Learning data and analytics is essential in any modern L&D department. There is more data available than ever to provide insights on what works, what doesn’t. How L&D is making an impact and where there are opportunities to improve. Being able to correctly interpret data and gain insights through analytics is rapidly becoming a crucial skill for many L&D professionals. Not being able to do so, or giving a wrong interpretation of data could be rather problematic. In a worst case scenario, it could even cause you to make the wrong decisions and continue doing things that do not work (or that are even counterproductive)..

There are many challenges with correctly interpreting data. Sometimes results are so counter intuitive that it is hard to believe. A classic example is the fact that data clearly shows that increased ice-cream sales lead to more people dying from drowning. I’ll let you think about that one for a while and will come back to this example later.

More often, data is presented in such a way that it supports a pre-defined story. Data could even be presented in such a way that it has a high probability that the data will interpreted incorrectly. “Lies, damned lies, and statistics” is a much used quote in data science and statistics for a very good reason (not a quote from Mark Twain as by popular believe, but actually by British prime minister Benjamin Disraeli).

The biggest challenge however is our own ability to correctly perform analysis following the scientific method and as part of that correctly analyze the data and draw the right (unbiased) conclusions. This is not just a challenge for us as L&D professionals, but even for seasoned scientists according to a 2011 paper that actually claims most scientific research is wrong!

A very clear although somewhat technical video on why most scientific research is wrong! You might need to brush off some statistic 101 to fully understand the importance and message of the video. For more information on the mis-use of the p-value see also wikipedia.
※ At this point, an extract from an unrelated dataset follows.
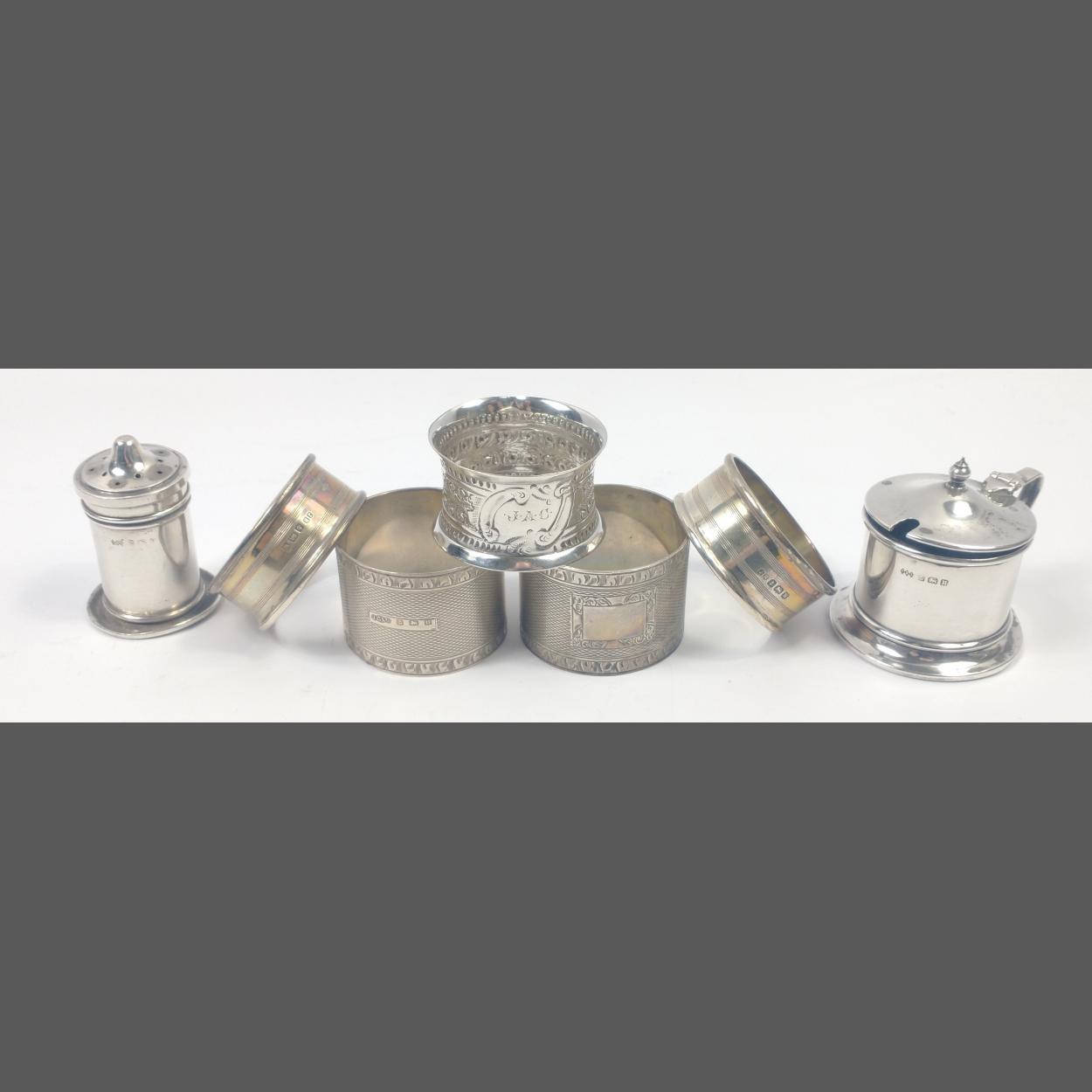 A selection of assorted SILVER including 5 silver napkin rings and two cruets with blue glass liners , with a GROSS weight of 200g

It’s essential that we know how to read data, data visualizations and statistics so we can correctly interpret data driven insights. Hence I’ve written a series of blogpost on typical misinterpretations and misleading data and analytics practices to enable you to build a correct data driven story.
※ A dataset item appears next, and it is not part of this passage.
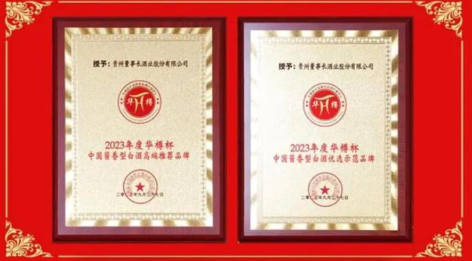 在品牌價值持續增長的同時,董事長酒還被“華樽杯”組委會授予“2023年度華樽杯中國醬香型白酒高端推薦品牌”、“2023年度華樽杯中國醬香型白酒優選示范品牌”兩大榮譽稱號。
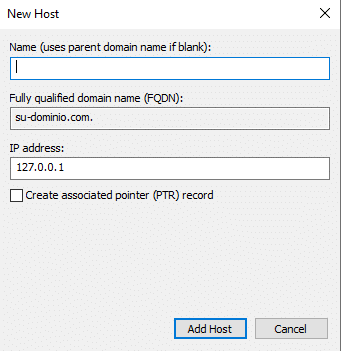 3. Para finalizar, hacé clic en Add Host, si todo está en orden, el registro se habrá agregado y podrás revisarlo haciendo doble clic en la zona DNS de tu dominio.

This first part will cover the use and misuse of assumptions.

Assumptions are the mother of all F*** Ups

I’m actually not sure who first mentioned the title of this section. But there is a huge number of articles and books available on why we humans make so many assumptions and why we should do less of it. Especially in business and analytics context. In short, the reason we make assumptions is the simple fact that we never, ever can know all relevant pieces of information. Never, ever! And because we lack information but still want to draw conclusions and take action, we compensate for the missing data by ‘filling’ the gaps using assumptions based on our own personal experiences. That sounds rather disturbing, but making assumptions is a deeply human trait and one of the reasons we still exist as a species: If we meet a dangerous animal in the wild, we do not have sufficient information on what the animal will do. Will it look at you and remain passive? Will it just walk by? Or will it attack you? Our ancestors did not have the luxury to wait until they had all the missing pieces of information, but rather assumed that large mean-looking animals in the wild were dangerous and ready to attack you. So they’d stayed well clear of them.

There are however 2 major challenges with assumptions in the context of data analysis. First you can have too many assumptions, and secondly you can be unaware you are making assumption.
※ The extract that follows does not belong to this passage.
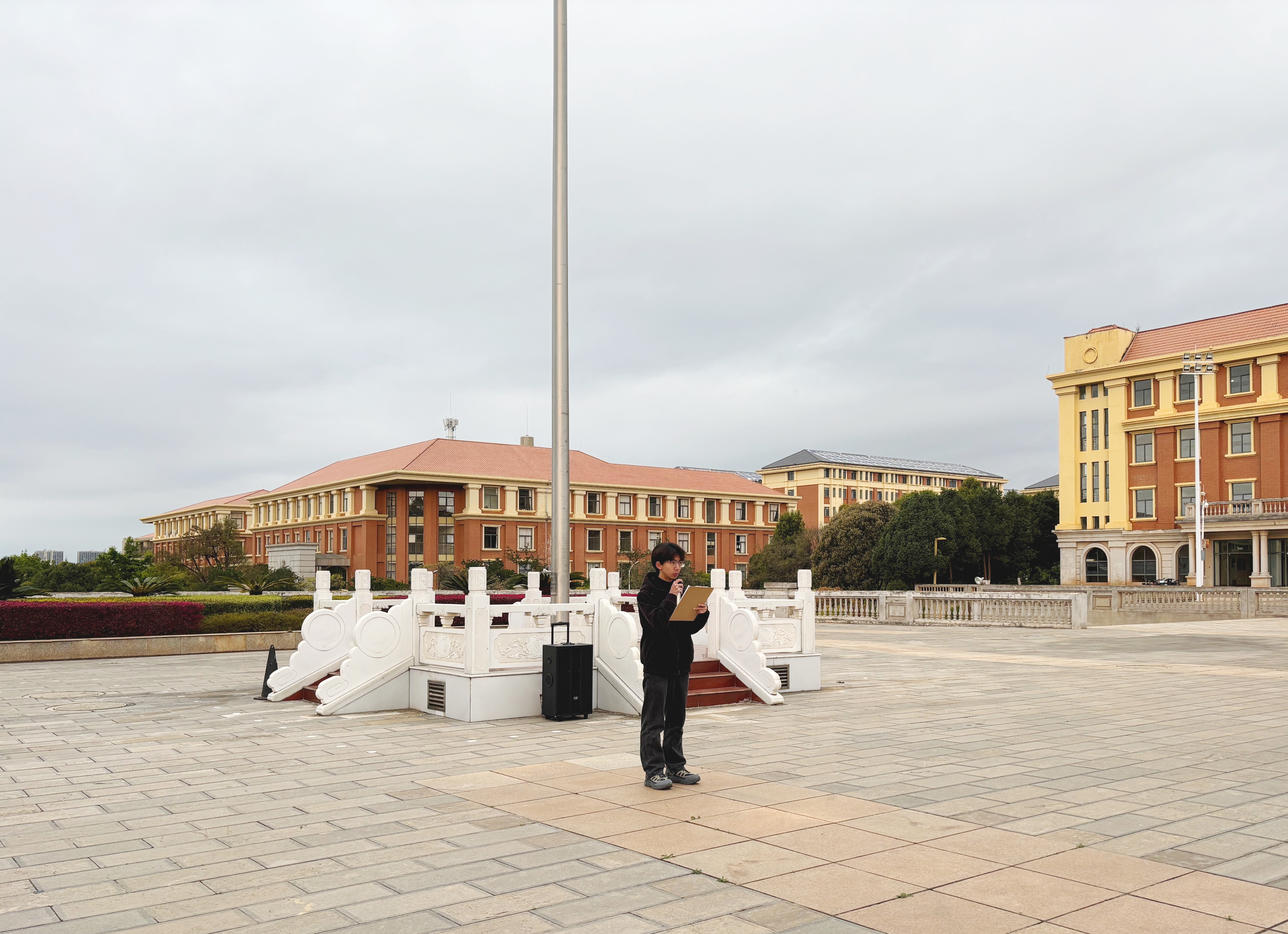 早晨7时30分,文典广场上全体师生整齐列队,肃立以待。伴随着雄壮的国歌声,鲜艳的五星红旗冉冉升起,全体师生面向国旗行注目礼,现场气氛庄严肃穆。在国旗下,永利3044集团官网员工代表黄泰喆进行了题为《以青春之名,向生命致敬》的演讲,表达了新时代药学学子肩负的责任与使命,号召全体同学以爱国之心、报国之志,勤奋学习、勇于创新,在云大书写属于当代青年人的“本草新篇”。

That is why I wanted to start this series on data interpretation in learning analytics with the topic of assumptions. In any analysis there is a real risk of both of these challenges surfacing! It actually is almost impossible to do any analysis without assumptions, hence I always stick to the following 3 rules:

  1. Limit the number of assumptions to the absolute minimum
  2. Always record every assumption you make
  3. Test you assumptions periodically to ensure they still hold up

A couple of examples from the world of L&D

1. The mother of all assumptions in L&D: Learning only takes place through training

A classical image from Jane Hart (C4LPT) on ‘the learning police’ (source)

By far the most used assumption in L&D, and arguable the most misleading, is the assumption that people only learn things when they attend activities organized by L&D. Or only when people consume content created for them by L&D. This assumption is so widely present and embedded in our thinking and way of working, that some people even get angry when you address it. I am always puzzled why we feel so strongly on this. Possibly we have inherited this assumption from our education system that also proves to be very persistent with the assumption that learning only happens at school. This despite people like Albert Einstein claiming that “Education is what remains after one has forgotten everything he learned in school. It is a miracle that curiosity survives formal education.”

People learn everywhere, all the time. Through work, by looking things up on Google, by asking colleagues or simply by trying and failing. So whatever analysis we do on learning using data from our own learning infrastructure, how extensive it may be, we must take this assumption always into consideration.

I think that the 70-20-10 model was an effort to bring the idea that learning happens outside our programs more into our L&D strategies and thinking. I do not think the 70-20-10 thinking is fully embedded, but it did help (as long as we not assume the 70-20-10 percentages are to be followed with high precision).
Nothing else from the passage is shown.